KAPITEL XI

6 1 0
                                    

Lot był bardzo przyjemny. Chwilę temu wylądowały w Polsce. Po zabraniu swoich bagaży, wsiadły do stojącego na parkingu samochodu Pani Marie - Porsche Panamera 4 Platinum Edition. Pomknęły w stronę domu.

- O, moja mama, znaczy no ,,moja mama", do mnie napisała.

- Co napisała?

- Że ma wyjazd z pracy, razem z tatą i nie będzie ich do przyszłej niedzieli.

- Ahaa. Będziesz sama w domu przez prawie tydzień? Może chcesz zostać u mnie? Boję się o ciebie.

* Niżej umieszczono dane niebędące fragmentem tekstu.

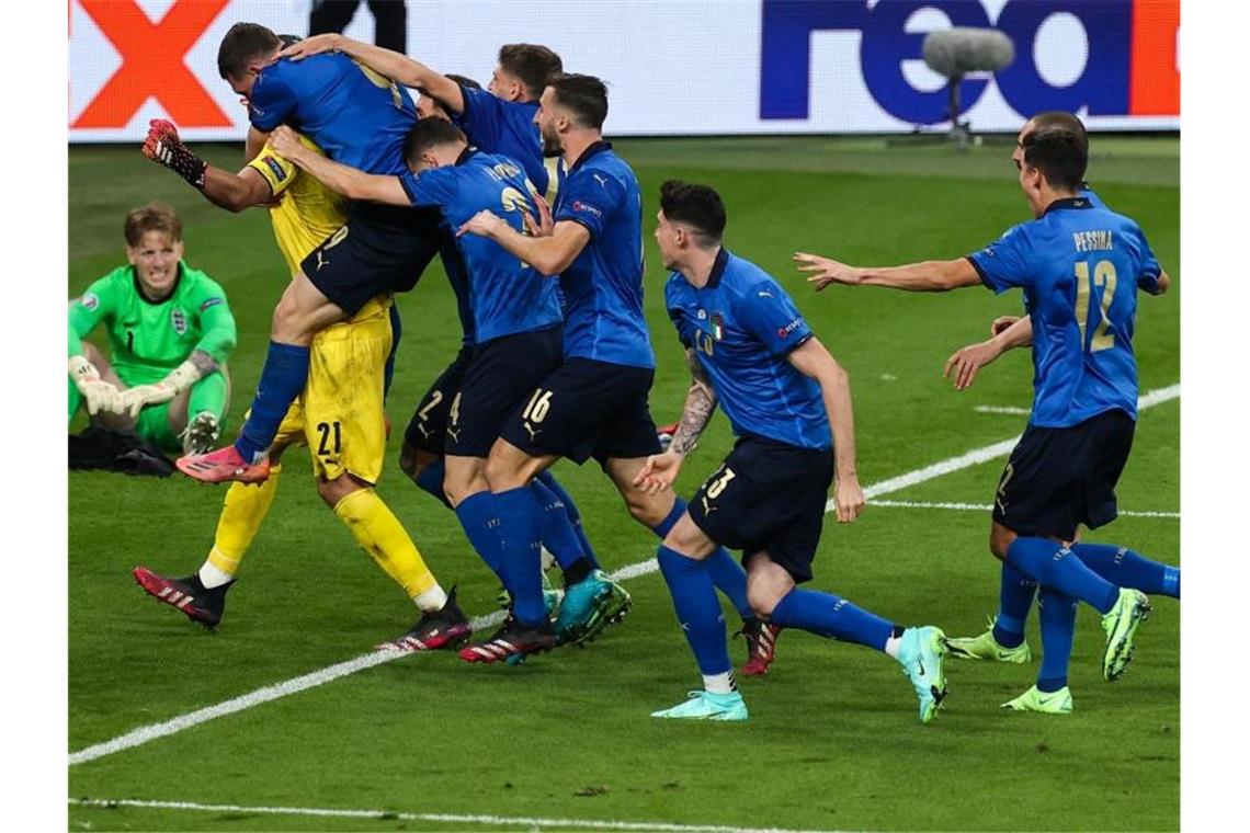 Nach einem Strafstoß-Drama in Wembley gegen England haben die Azzurri den Fußball-Tempel in Schockstarre versetzt und mit ihren Fans den zweiten EM-Titel nach 1968 gefeiert.

- No okej! Przynajmniej nie będę sama. Dziękuję.

- Proszę... córciu.

Sarah już nic się nie odezwała. Córciu - to było takie słodkie (wszystko co mówi i robi Pani Marie było dla Sarah słodkie). To wszystko było tak poplątane - mama 1, mama 2. Czuła, że pobyt w domu nauczycielki zmieni wszystko. Życie stanie się lepsze. Nie będzie musiała już słuchać krzyków rodziców i ciągłej krytyki. Nigdy nikomu nie mówiła o swoich problemach. Nie była takim typem człowieka. Wolała pomagać innym i słuchać ich problemów, a nie żalić się ludziom. Sytuacja w domu miała duży wpływ na kontakty z innymi ludźmi. Była dość nieśmiałą osobą, lecz jeśli czuła się przy kimś komfortowo, mogła opowiedzieć mu całe swoje życie. Komfortową osobą dla niej, stała się Pani Marie. Wiedziała, że mogła jej zwierzyć się ze wszystkiego. Lecz nie powiedziała jej jeszcze o swojej rodzinnej sytuacji. Teraz, myśląc o tym, zamierzała to w końcu zrobić.

- Tak w ogóle... Chciałam coś Pani powiedzieć...

- Tak Sarah?

- Bardzo się cieszę, że mogę u Pani zostać...

Mam w domu trudną sytuację... Rodzice cały czas na mnie krzyczą... ZA NIC! Staram się jak mogę: jestem wzorową uczennicą, pomagam przy problemach dorosłych, wypełniam swoje domowe obowiązki... Nocami płaczę, rozmyślam nad wszystkim... Ciągle zakładam słuchawki, bo chcę uciec od rzeczywistości...

- Co? O Boże... Nie zdawałam sobie sprawy... Czemu o tym nikomu nie powiedziałaś?

- Nie miałam odpowiedniej, zaufanej osoby. Tylko Pani jest najbardziej zaufaną i pomocną osobą. Pani jest ideałem.

- O Jezu, no ja ci pomogę, oczywiście. Zostaniesz u mnie, już tam nigdy nie wrócisz, obiecuję ci to. A z tymi... tymi ,,rodzicami", jeśli w ogóle można ich tak nazwać, się rozprawię. Złożę to do sądu! Będziesz bezpieczna!

- Dziękuję Pani bardzo. Jest Pani najlepszym człowiekiem na Ziemi!

Z przekonaniem, że teraz już zawsze będzie bezpieczna, siedziała na fotelu i podziwiała widoki za oknem. Auto gładko sunęło po drodze. Ono nie jechało, ONO SUNĘŁO.

Autostrada, otwarte okna i Enej w radiu to najlepsze wspomnienia. Zostaną z Sarah na zawsze.